- **Dataset excerpt**:
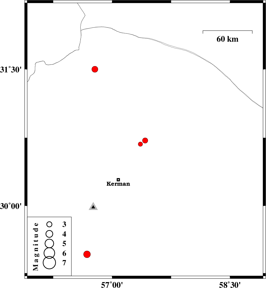 | 2019/05/06 | 10:50:51.4 | 15:20:51.4 | 29.46 | 56.68 | 15 | ML3.9 | Kerman Province, 26 km North of Baft |
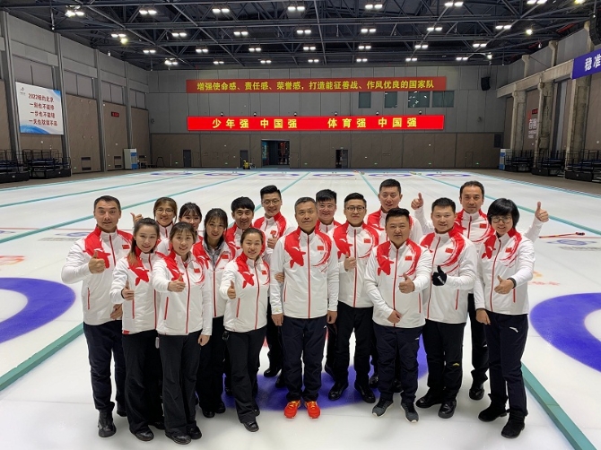 △中国国家冰壶队。(央视记者段德文拍摄)
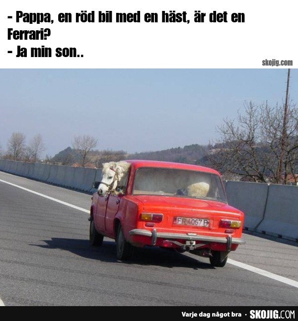 Pappa, en röd bil med ..
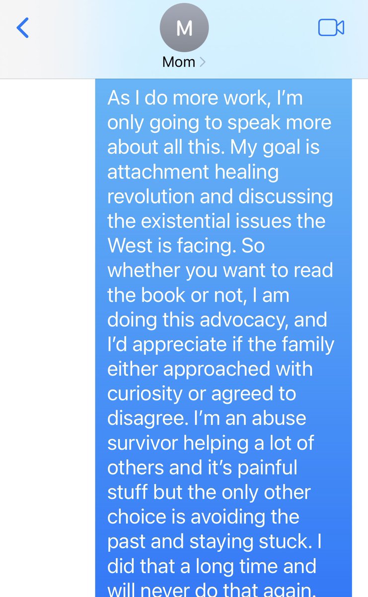 I also acknowledged previous discussions we’ve had about her mental unavailability to research these topics. It is somewhat alienating that my family isn’t interested in gender ideology or my work, but I’ve accepted previously that they don’t want or need the stress.

- **What the exercise asks**: Would you please write out exactly the lines between the line containing "Pappa, en röd bil med .." and the last line of the listing above, inclusive, without pictures?

- **Output for this task**:
 Pappa, en röd bil med ..
 I also acknowledged previous discussions we’ve had about her mental unavailability to research these topics. It is somewhat alienating that my family isn’t interested in gender ideology or my work, but I’ve accepted previously that they don’t want or need the stress.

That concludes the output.